How We See the 2010 World Series
The 2010 World Series is upon us. Every baseball fan knows the main storyline: The Texas Rangers will appear in the World Series for the first time while the San Francisco Giants will be looking to win their first World Series since moving to the west coast in 1958.
If anyone had the Texas-San Francisco exacta at any point during the regular season, much less before the season, then you're either delusional, lucky, or in the wrong business. Send me your ticket from Las Vegas as proof. Copies not allowed.
The staff at Baseball Analysts weigh in below with our comments and predictions.
Rich: I believe Texas has the edge. The Rangers beat Tampa Bay and New York, the two best teams in baseball in the Division and Championship Series. The Rangers also have the best starting pitcher (Cliff Lee) and the best hitter (Josh Hamilton). San Francisco has strong pitching depth and home-field advantage, but the offense leaves a lot to be desired. I don't see Cody Ross, as an example, hitting three home runs in the World Series, like he did in the NLCS. While most World Series go six or seven games, I'll go out on a limb and say Texas in five with Lee winning the first game and the finale.
Jeremy: I think the difference between the American League and National League is understated. The Rangers are the better team. However, the Giants have home-field advantage. In my opinion, the National League has a natural edge in the World Series, given the difference in quality of pitcher hitting. I worry that Ron Washington will badly mismanage games in a National League park, for example failing to understand that C.J. Wilson, Colby Lewis, and Tommy Hunter should not pitch past the fifth or sixth innings. Still, the difference in talent between the two clubs appears overwhelming, so I'll take the Rangers in six.

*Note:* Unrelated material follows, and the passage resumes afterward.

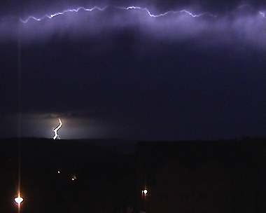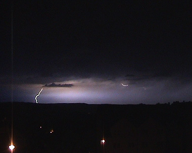 Die Zellen überquerten nun meinen Standort. Es gab einige relativ nahe Einschläge mit lauterem Donner. Ansonsten gab es bei deutlicher Abschwächung weder Sturm noch Starkregen, da ,wie bereits gesagt, die Zellkerne meinen Standort verfehlten oder bereits in stark abgeschwächter Form hier eintrafen. Das herrliche Feuerwerk entschuldigte aber jegliches Fehlen von Begleiterscheinungen, die vielleicht bei der Blitzbeobachtung gestört hätten. Etwa 1 Uhr nachts zogen die Überreste weiter nach Osten ab und zerfielen dort. Grund für die Abschwächung des Gewitters war ein Drehen des Windes von West nach Nordwest. Am Horiziont, so etwa in Richtung Ostthüringen, konnte man jedoch noch einen sehr aktiven Teil des ehemaligen Gewitterclusters erkennen. Dort entstanden nach wie vor intensive Zellen, was anhand der hohen Blitzrate von 30-40 Stück pro Minute deutlich erkennbar war. Ich glaubte nicht wirklich daran, das die Zellen bis hierher durchhalten würden.

Dave: I have to agree with Rich and Jeremy: the Rangers have the clear advantage in the lineup, and probably an advantage in starting pitching (mostly thanks to Lee), but the Giants have the advantage in bullpen (and Bruce Bochy seems more adept at playoff-bullpen management) and home-field advantage. The pluses for the Rangers outweigh those for the Giants, and so the Rangers are, rightly, slight favorites for the series (the betting line suggest they win it about 55% of the time). I will go with the Rangers in seven.
Rich: Do I hear Rangers in eight? What will it be, Sully?
Sully: I don't see the talent discrepancy between the two clubs as "overwhelming" as Jeremy. I think Andres Torres, Aubrey Huff, and Buster Posey are only a bit worse in aggregate than Hamilton, Nelson Cruz, and Ian Kinsler, the core position players for each team. I can't see much difference between the rotations and, like Dave, I think the Giants have a bullpen edge.
I'll go out on my own here and take the Giants. First, the home crowds at AT&T Park have been amazing and I think San Francisco really feeds off of it. Home field will be key, and I think particularly so this evening. The Phillies came into the NLCS with an air of infallibility thanks in large part to Roy Halladay's Division Series heroics. The Rangers are a complete team, but there's a similar dynamic at play with Lee. If the Giants take Game One like they did against Philadelphia, and then have Matt Cain, Jonathan Sanchez, and Madison Bumgarner lined up for Wilson, Lewis and Hunter, there's a clear path to victory for them. So I say Tim Lincecum carries the Giants tonight, and San Francisco goes on to win in six.